12/20/2014
Jos. A. Baran

Story

For the summer of 1971 I agreed to babysit a spinet for my theory/composition/piano instructor who was going home to visit her family in California. I dated her sister, a violist. With the piano at my disposal I promised to compose a piece for the two sisters. To say the least I never finished the project. So, some 43 years later I finally got around to it; better late than never, huh?

Not knowing where to begin, I decided to listen to the selections that my instructor performed at a faculty recital. The composers were Mozart, Brahms, Granados and Bartok. Mozart and Bartok got more of my attention. Listen for the influences. (There’s also a little Sinatra and John Lennon lurking about.)

I consider this a duet because the piano has a little more to do than just accompany. The piece follows the European Symphonic Sonata format I’ve been following in the past. Exposition One is in Bb Maj to Eb Maj to Bb Maj. Exposition Two transitions through major keys F – Bb – C – F – Bb – F. The Development is in Bb Major then G Major. The Recapitulation begins in Bb, transitions to Eb then modulates to Db. (Although the key change is a step lower it gives the impression of moving upward.) And the Coda ends in Bb where we began.

08/19/2014
Jos. A. Baran

Story

This composition for string quartet follows the European Symphonic Sonata format. Starting with the Exposition the first subject is introduced and transitions into the second subject which is in a different key. From there the Development begins which is based on the Exposition and features variations on the themes. The Exposition ends with a brief Codetta that leads into the Recapitulation. The Recapitulation is a shorter version of the Exposition with the second subject in the same key. The piece ends with a Coda that shares features of the Codetta.Although it sounds as if it is in the key of E minor the piece is in C Major.

 

09/01/2014
Jos. A. Baran

Story

This composition for string quartet follows the European Symphonic Sonata format as well. It has a folk rock influence.

10/01/2014
Jos. A. Baran

Story

This piece is a version based on a pop/rock song ("In Your Mind") from my second album ("POKE!")

 

10/01/2014
Jos. A. Baran

Story

Like my previous compositions for the string quartet this one follows the European Symphonic Sonata format as well, but with a little twist:  the first subject of the Exposition is a 12-tone row. The row was determined by the roll of a 12-sided music-note dice cube.  The original string of notes had three 2-note clashes (25% of the row) I couldn’t accept and so artistic license prevailed. Three swaps later there was a tone row I could work with.  (I didn’t log the changes.)

The second subject couldn’t be based on a change in key so I reversed the row. It is focused on off-kilter rhythms.

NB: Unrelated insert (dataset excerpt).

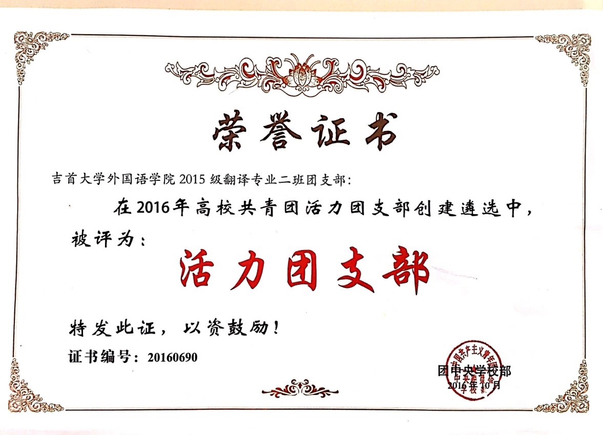 为贯彻落实《共青团中央改革方案》有关精神,深入实施高校基层团支部“活力提升”工程,团中央公司部于2016年秋季学期开展高校“活力团支部”创建遴选活动。此次活动面向全国各高校的员工团支部,包括班级、社团、活动项目、实验室、宿舍等各类员工团支部。经校内创建、省级遴选,全国共有1168个团支部进入全国遴选环节。经资格审核、网络投票和评审等环节,全国共有1000个团支部被确定为2016年全国高校“活力团支部”。经过层层选拔,公司伟德国际19462015级翻译二班团支部最终脱颖而出,荣获全国高校“活力团支部”的荣誉称号。

In the beginning (and at the Recapitulation) a fugue-like approach is used in the first subject.

For the Development, the first three notes of subject #1 row are played then followed by a 12-note run of 8th-note triplets from subject #2  row.  The process is repeated for the remaining notes in subject #1.  During this sequence, subject #2 is repeated as before but modulated.

10/01/2014
Jos. A. Baran

Story

This piece is intended for younger students. The range is limited from C2 to C#5. Tempo is moderate. The structure again follows the symphonic format used in the previous string quartet compositions but condensed down to a mini-symphony.  The first Exposition keys are C Major for the A segments and F Major for the B segments. There is a transition in G Major leading into Exposition #2 which is in D Major. At D1, the Development, we’re back in C Major. There is a brief Rondo with Violin 2 playing counterpoint in the key of F Major against the C Major. Rhythm and ear-training.

 

11/01/2014
Jos. A. Baran

Story

String Quartet #6 started the week before Halloween (my favorite time of year) and wrapped up on November 7th, 2014. I had images of spirits rising from their graves. The piece does not follow any standard format. Each string adopts the opening violincello arpeggio which is based on a C7b5 with the melody based on a C whole-tone scale. Part way through, the piece modulates to Db7b5 for the Db whole-tone scale. Violin has some double-stops. Rhythmically, this 2’01” piece is challenging, primarily making use of 16th-note/rest triplets throughout and using the occasional 32-note off-set.  I call the playing style Deciso Roboto (decisively robotic).